I'm comparing to this S. Sanchezi: http://www.piranha-fury.com/pfury/index.php?showtopic=71460
The one I've got has more of a blunt face and extremely red eyes, although the fins and over all shape do seem to match up... hmmmmm


----------



## hastatus (Jan 16, 2003)

> homebrewed Posted Today, 09:01 PM
> Not trying to be a dill, but it seems that everyone is slapping that name on any red breasted ser. species these days.
> I'm comparing to this S. Sanchezi: http://www.piranha-fury.com/pfury/index.php?showtopic=71460
> The one I've got has more of a blunt face and extremely red eyes, although the fins and over all shape do seem to match up... hmmmmm


I understand your concerns: S. sanchezi goes throught some interesting morphological changes. I have some interesting preserved examples of this. Recently I sent this photo to FINK and he agreed it is not a spilopleura. I advised that I've been using the sci name S. sanchezi. He didn't agree or disagree so perhaps that is a good thing.


----------



## homebrewed (Feb 25, 2003)

So I may have a blunt faced sanchezi is what you're saying?








Fair enough.
Maybe Dr. Fink can shed some light.
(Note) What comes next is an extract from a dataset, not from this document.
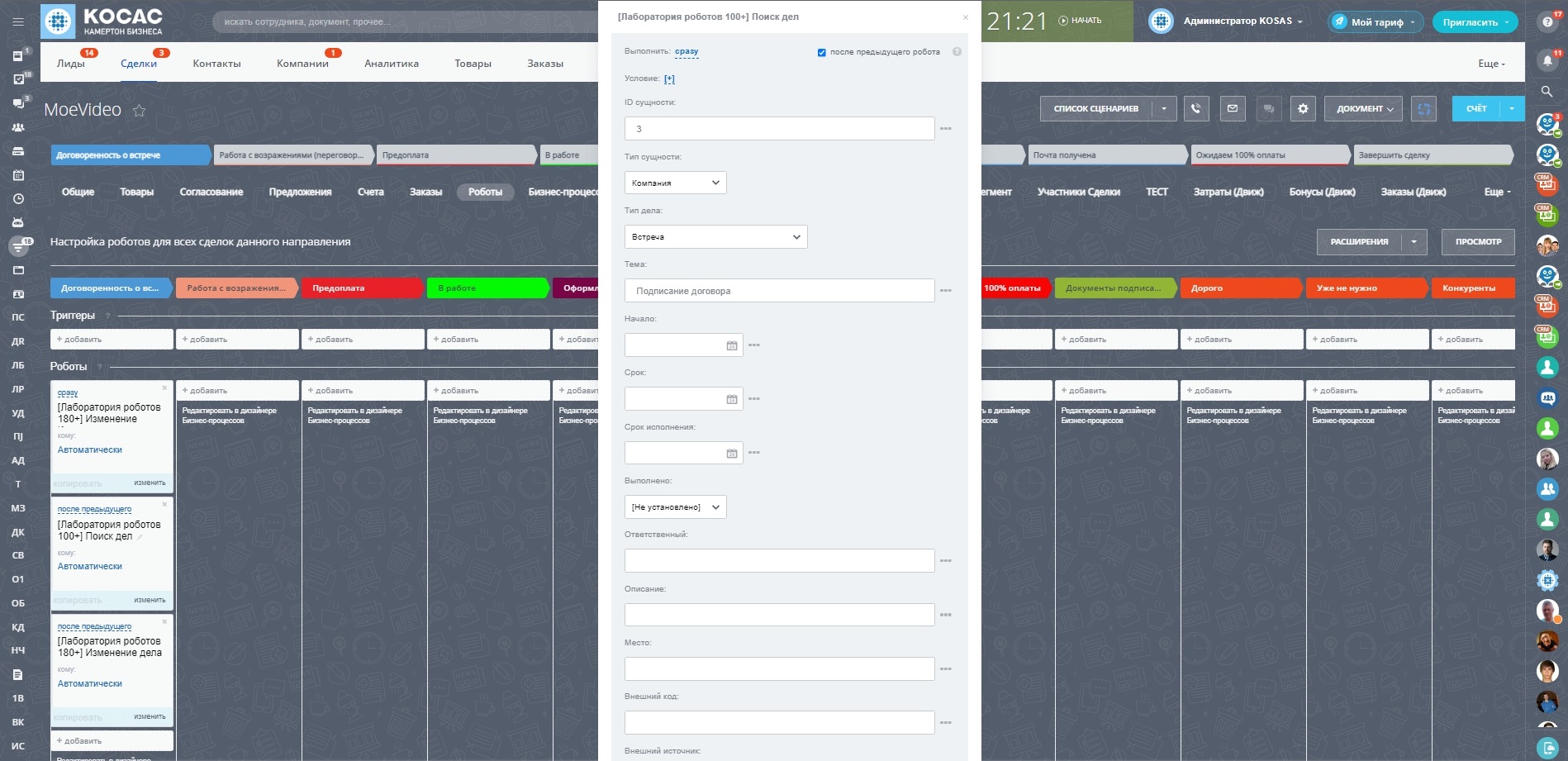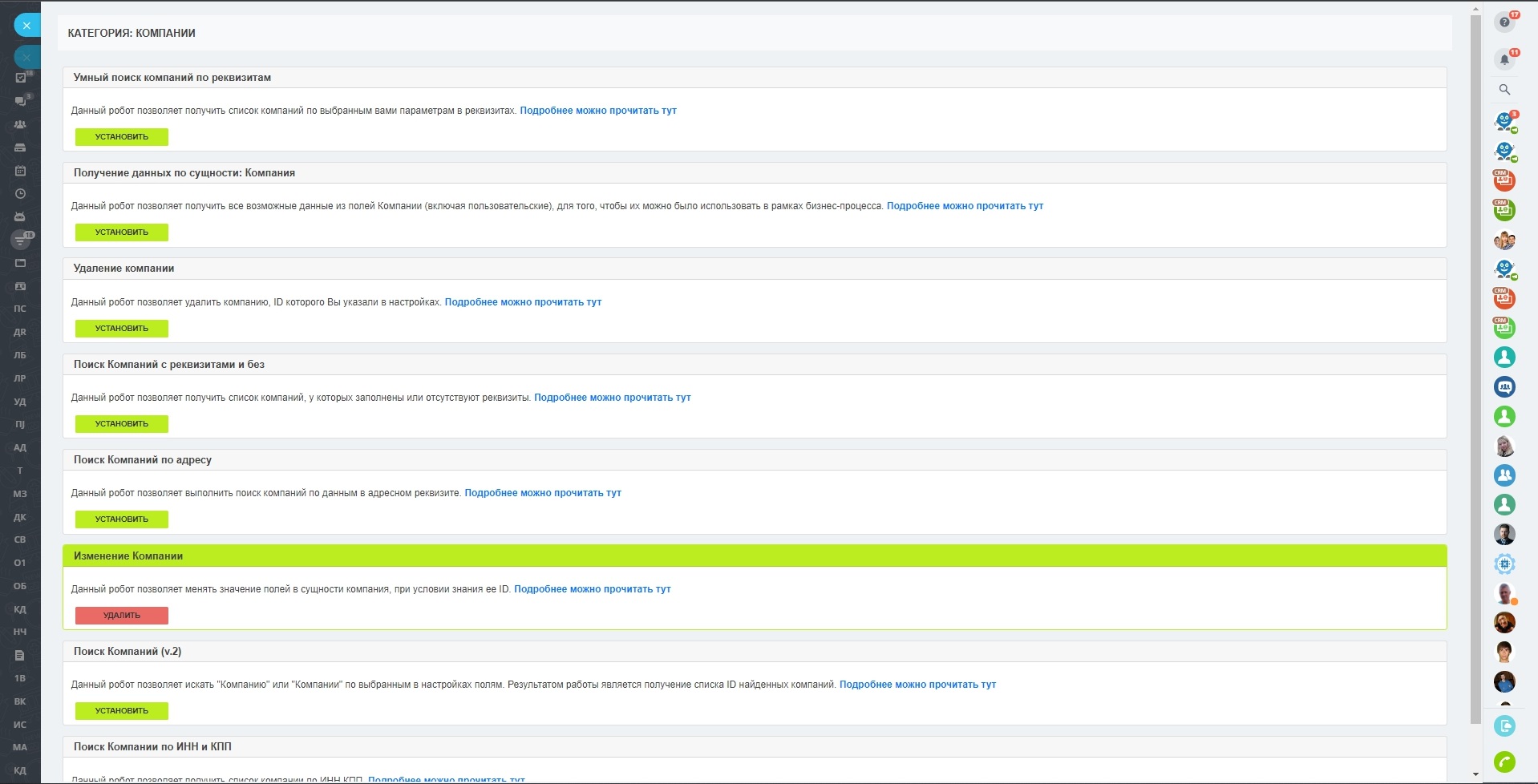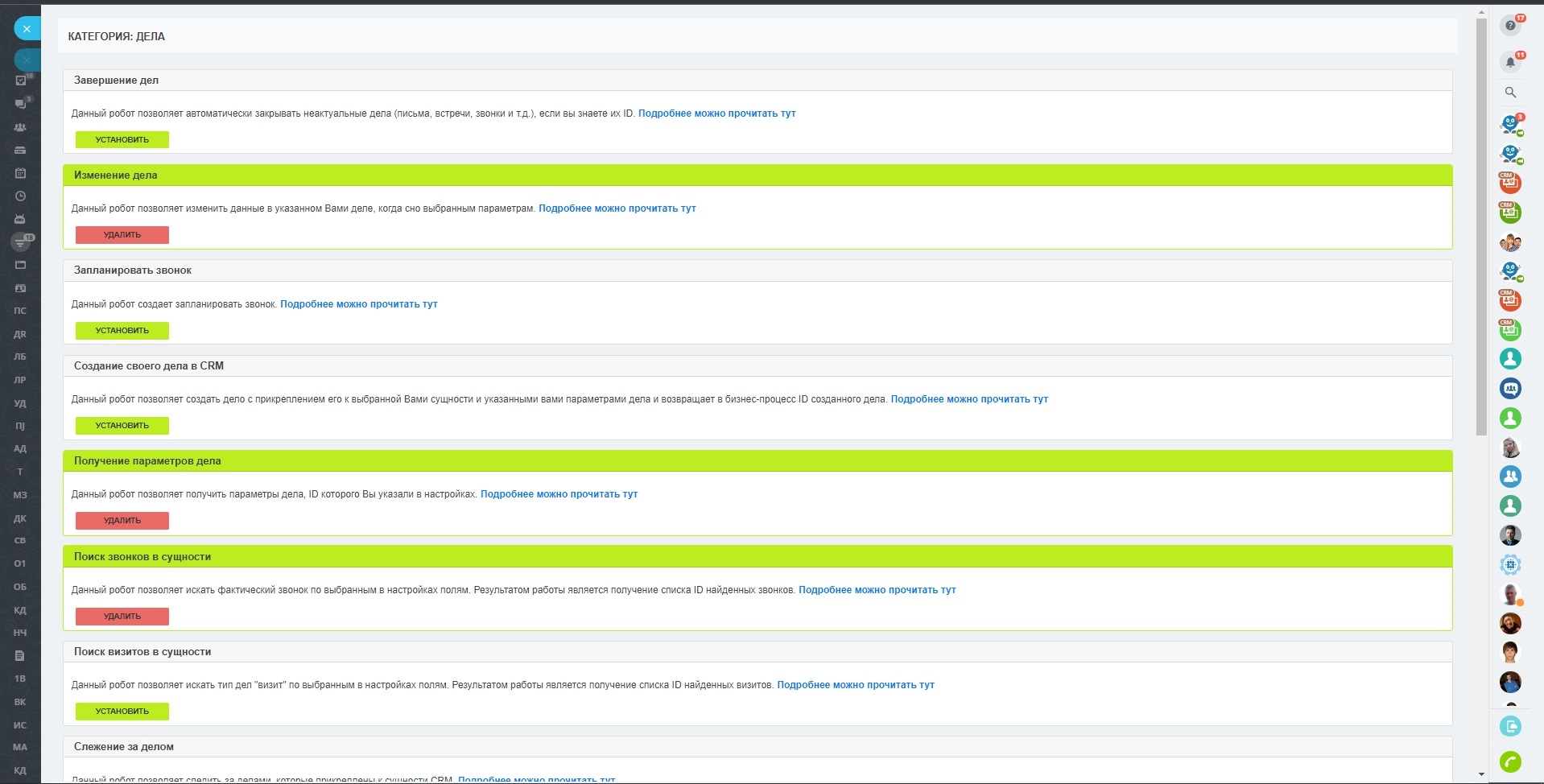 - Роботы в CRM работают на тарифах - CRM+, Команда, Компания, Профессиональный, Стандартный, Коробочных или NFR

If not I guess I'll hop on the sanchezi band wagon









Thanks for the input Frank

Tim


----------



## hastatus (Jan 16, 2003)

The most interesting thing about this species (having seen a full grown adult in 1965) the lower half of the body is very compressed, knife-edged, probably more than S. compressus. The head maintains that bulldog like face which is odd and almost looks deformed, head on with the belly below. The red throat remains prominent throughout much of its life. Its not uncommon to find old literature with this fish captioned as either S. spilopleura or S. (= P.) nattereri. Neither of which it is.


----------



## homebrewed (Feb 25, 2003)

Guess I stand correct
Looks like I have a nice big Sanchezi.

Its 5.5" TL

Thanks for all the help and info Frank


----------